[Stored entries]
• • •

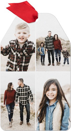 Showcase your favorite family moments with this traditional metal Christmas ornament, featuring a clean, modern layout that lets your photos shine. The design is simple and timeless, making it easy to highlight the people and memories that matter most. Crafted from durable, high-quality coated aluminum, this personalized Christmas ornament is printed on both sides—so you can add even more photos or a heartfelt message on the back. Customize with your family name, the year, or a special note to make it truly yours. Available in four shapes: square, circle, rectangle bracket, and gift tag, it comes in a soft storage pouch and hangs from the tree with a festive red ribbon. Photo ornaments are a wonderful way to add to your ornament collection, capturing the special little moments that made your year. They also make great stocking stuffers or reusable present gift tags.
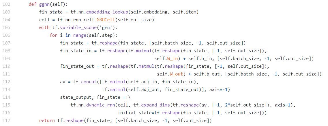 Cause in my understanding, item should be fed into RNN time step by time step for a session, which means the hidden state (embedding) will be affected by the previous click item. I wonder why the inputs shape is (# of all items in a batch, 1, 2 * hidden_size) instead of (self.batch_size, max_n_node, 2 * hidden_size). What is the meaning of this setting in dynamic_rnn function ?
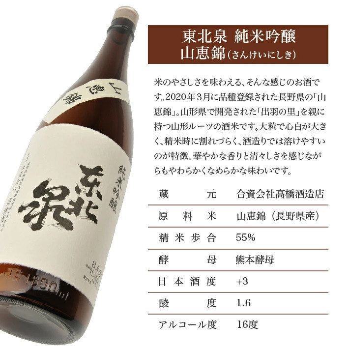 - 東北泉 純米吟醸 山恵錦 ひやおろし 1800ml×1本 高橋酒造店 さんけいにしき 山形県 遊佐町 庄内 日本酒 お酒 清酒
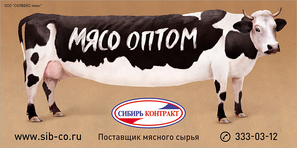 "Мелехов и Филюрин" грузят мясо оптомРекламная группа "Мелехов и Филюрин" разработала идею печатной рекламы для компании "СИБИРЬ КОНТРАКТ", одного из ведущих поставщиков на рынке мяса и мясопродуктов на территории Новосибирска и Сибирского региона.Прежде всего, реклама ориентирована на мужчин в возрасте 40-55 лет с высшим образованием и высоким уровнем достатка. Это собственники и руководители предприятий по переработке мяса и розничной торговле. При производстве макетов ни одно животное не пострадало. Состав творческой группы: Идея: Владимир Сергеев, Сергей Бирюков Дизайн: Наталья Елисеева, Павел Алексеев Арт-директор: Михаил Угожаев Менеджер проекта: Екатерина Глебова |
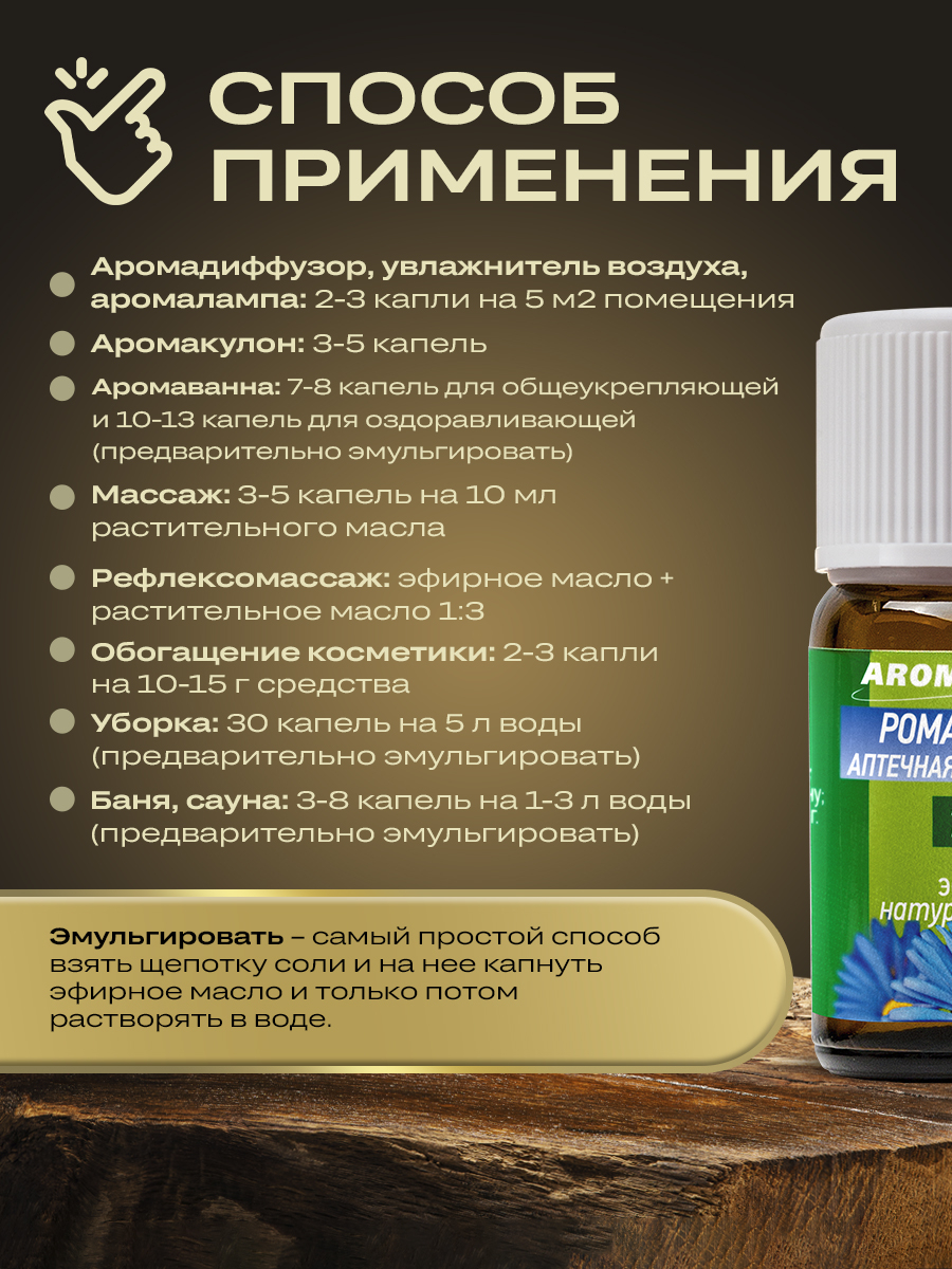 Аромалампа. Проветрить комнату, закрыть окна. Налить в аромалампу теплой воды, капнуть туда эфирного масла (2 капли на 5 м 2 площади помещения). Зажечь свечу под аромалампой. Вода не должна кипеть. Время работы лампы: от 20 минут до 2-х часов. Не оставлять горящую лампу без присмотра. Подливать воду по мере необходимости.Состав

• • •

What this task involves:
Only the lines starting at the one that holds "- 東北泉 純米吟醸 山恵錦" and ending at the last line of the data belong in your answer. Please set them down exactly and omit the pictures.

Reply:
 - 東北泉 純米吟醸 山恵錦 ひやおろし 1800ml×1本 高橋酒造店 さんけいにしき 山形県 遊佐町 庄内 日本酒 お酒 清酒
 "Мелехов и Филюрин" грузят мясо оптомРекламная группа "Мелехов и Филюрин" разработала идею печатной рекламы для компании "СИБИРЬ КОНТРАКТ", одного из ведущих поставщиков на рынке мяса и мясопродуктов на территории Новосибирска и Сибирского региона.Прежде всего, реклама ориентирована на мужчин в возрасте 40-55 лет с высшим образованием и высоким уровнем достатка. Это собственники и руководители предприятий по переработке мяса и розничной торговле. При производстве макетов ни одно животное не пострадало. Состав творческой группы: Идея: Владимир Сергеев, Сергей Бирюков Дизайн: Наталья Елисеева, Павел Алексеев Арт-директор: Михаил Угожаев Менеджер проекта: Екатерина Глебова |
 Аромалампа. Проветрить комнату, закрыть окна. Налить в аромалампу теплой воды, капнуть туда эфирного масла (2 капли на 5 м 2 площади помещения). Зажечь свечу под аромалампой. Вода не должна кипеть. Время работы лампы: от 20 минут до 2-х часов. Не оставлять горящую лампу без присмотра. Подливать воду по мере необходимости.Состав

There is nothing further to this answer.